为了她的安全着想,一旁的林初阳思索片刻后斗胆接话:“她下午采完茶脸色就有点难看,睡了一觉起来就烧了。”
“这样啊……”作为在黄山泡了多年的老油条,指导老师很快有了推断,“听起来不像是流感性的,她下午采茶有没有去了什么很深的地方?”
“嗯。”
林初阳点头肯定——余夏把她的茶叶“假公济私”赠予自己后,确实是跟着宋雨昕钻进深处茶田去了。
“估计是被蜱虫咬了……还是大意了,照理说这个季节蜱虫应该不多了才对。”指导老师喃喃自语,扭头看向司机,“师傅,这事拖不得,麻烦再开快点。”
“收到!”
山沟沟里,老款手动挡捷达开得飞起,没一会儿就上了城市主干道。
黄山区人民医院
余夏的情况还不至于挂急诊,但状态也不算好。
指导老师安排她在大厅休息,自己代为挂号,林初阳也没闲着——他被安排了跑腿任务。
“你同学晚饭吃了吗?”
“没有。”
“你去医院旁边看看还有没有营业的便利店,买点牛奶面包什么的,万一吊水的话营养一定要跟上。”
“……行。”
于是,林初阳终于在此次实践活动中获得了独立行动的权利。
虽然只是几步路远,但悠闲的心境让这次偶然的放风显得格外珍贵。
徽州的照明条件不比庐州,甚至不比亭城——路灯间隔很大,走不远就是一片无法被光照透的黑暗。
但这里是秀丽的皖南,那种“自然”的黑暗反而让人感到浑然天成。
诚然,在深夜的街道里,高悬的路灯可以化身成枝叶的心脏,可凡事都是有两面性的——因为路灯的彻夜照射,叶子也失去了它“自然本质”,失去了享受黑夜的自由。

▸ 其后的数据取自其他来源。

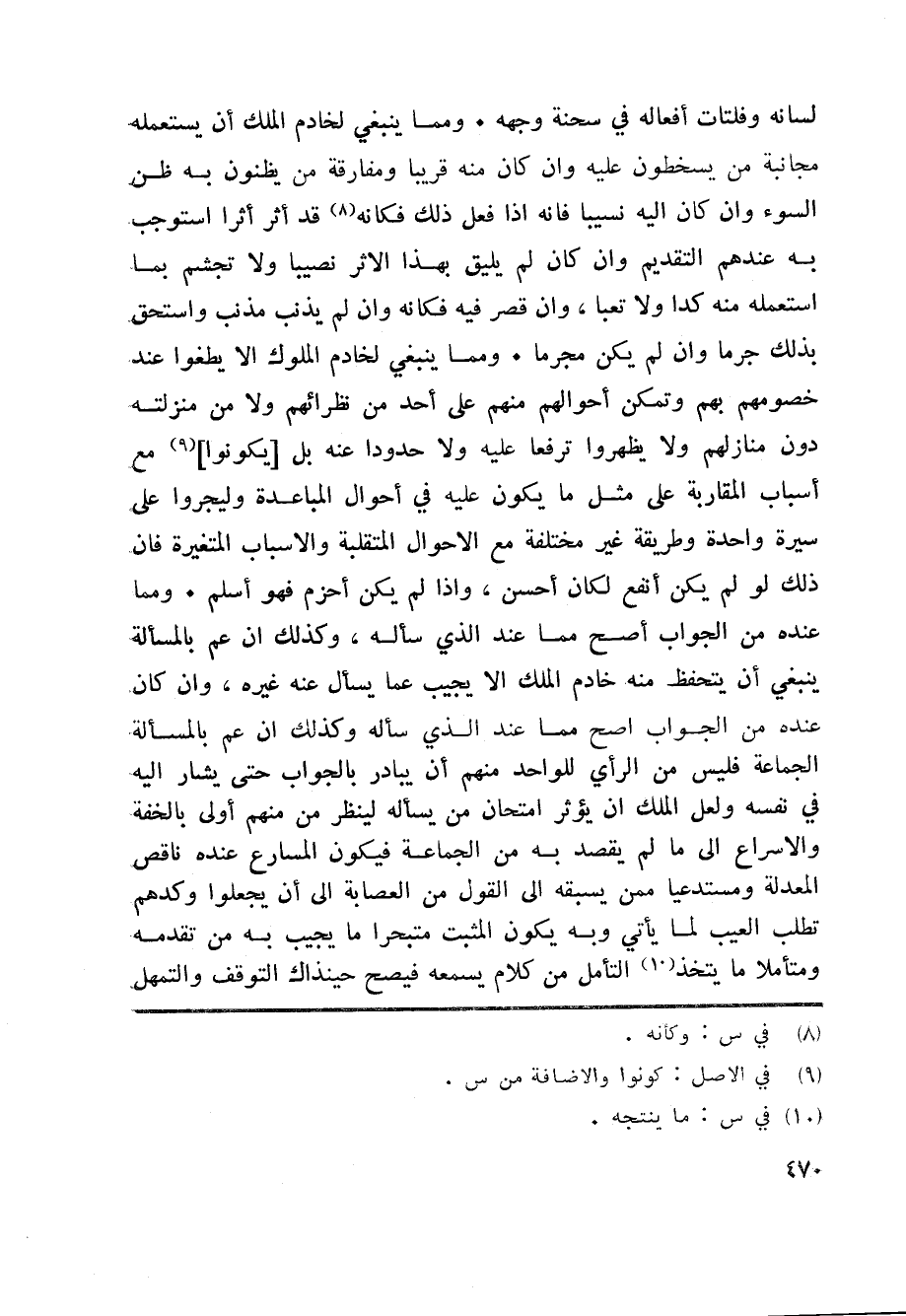لسانه وفلتات أفعاله في سحنة وجهه. ومما ينبغي لخادم الملك أن يستعمله مجانبة من يسخطون عليه وان كان منه قريبا ومفارقة من يظنون به ظن السوء وان كان اليه نسيبا فانه اذا فعل ذلك فكانه «8» قد أثر أثرا استوجب به عندهم التقديم وان كان لم يليق بهذا الاثر نصيبا ولا تجشم بما استعمله منه كدا ولا تعبا، وان قصر فيه فكانه وان لم يذنب مذنب واستحق بذلك جرما وان لم يكن مجرما. ومما ينبغي لخادم الملوك الا يطغوا عند خصومهم بهم وتمكن أحوالهم منهم على أحد من نظرائهم ولا من منزلته دون منازلهم ولا يظهروا ترفعا عليه ولا حدودا عنه بل [يكونوا] «9» مع أسباب المقاربة على مثل ما يكون عليه في أحوال المباعدة وليجروا على سيرة واحدة وطريقة غير مختلفة مع الاحوال المتقلبة والاسباب المتغيرة فان ذلك لو لم يكن أنفع لكان أحسن، واذا لم يكن أحزم فهو أسلم. ومما عنده من الجواب أصح مما عند الذي سأله، وكذلك ان عم بالمسألة ينبغي أن يتحفظ منه خادم الملك الا يجيب عما يسأل عنه غيره، وان كان عنده من الجواب اصح مما عند الذي سأله وكذلك ان عم بالمسألة الجماعة فليس من الرأي للواحد منهم أن يبادر بالجواب حتى يشار اليه في نفسه ولعل الملك ان يؤثر امتحان من يسأله لينظر من منهم أولى بالخفة والاسراع الى ما لم يقصد به من الجماعة فيكون المسارع عنده ناقص المعدلة ومستدعيا ممن يسبقه الى القول من العصابة الى أن يجعلوا وكدهم تطلب العيب لما يأتي وبه يكون المثبت متبحرا ما يجيب به من تقدمه ومتأملا ما يتخذ «10» التأمل من كلام يسمعه فيصح حينذاك التوقف والتمهل

此刻的街道没有喧嚣、没有拥挤,只有人影和树影,和一颗逐渐平静下来的心。
“嘶……我是不是该走快点?余夏还在等着投喂呢。”
感慨过后,一股罪恶感从林初阳的心底升起——候诊大厅里的余夏还在忍受发烧的折磨,自己却在这儿伤春悲秋,说出去未免太缺德了。
何况余夏被咬他也有潜在责任……虽然不是自愿的,但他确实是分走了她的茶叶,这才使得她铤而走险钻进深处。
好在路尽头不远处就是一家罗森便利店。
林初阳胡乱抓了一瓶酸奶一瓶纯牛奶,又拿了几袋面包,最后还细心地在收银台前摸了一包抽纸。
值夜班的服务员疑惑地看了看他,眼神里写满了费解和难以置信,可终究没有多说什么。
“他妈的,徽州的便利店难道是被李姚家的黑心产业垄断了?这点东西卖我将近一百块?!”林初阳边走边骂。
他至今想不通“全家”“美宜佳”“罗森”存在的意义——除了24小时营业,哪哪甚至都比不上他家楼下的黑心小卖铺。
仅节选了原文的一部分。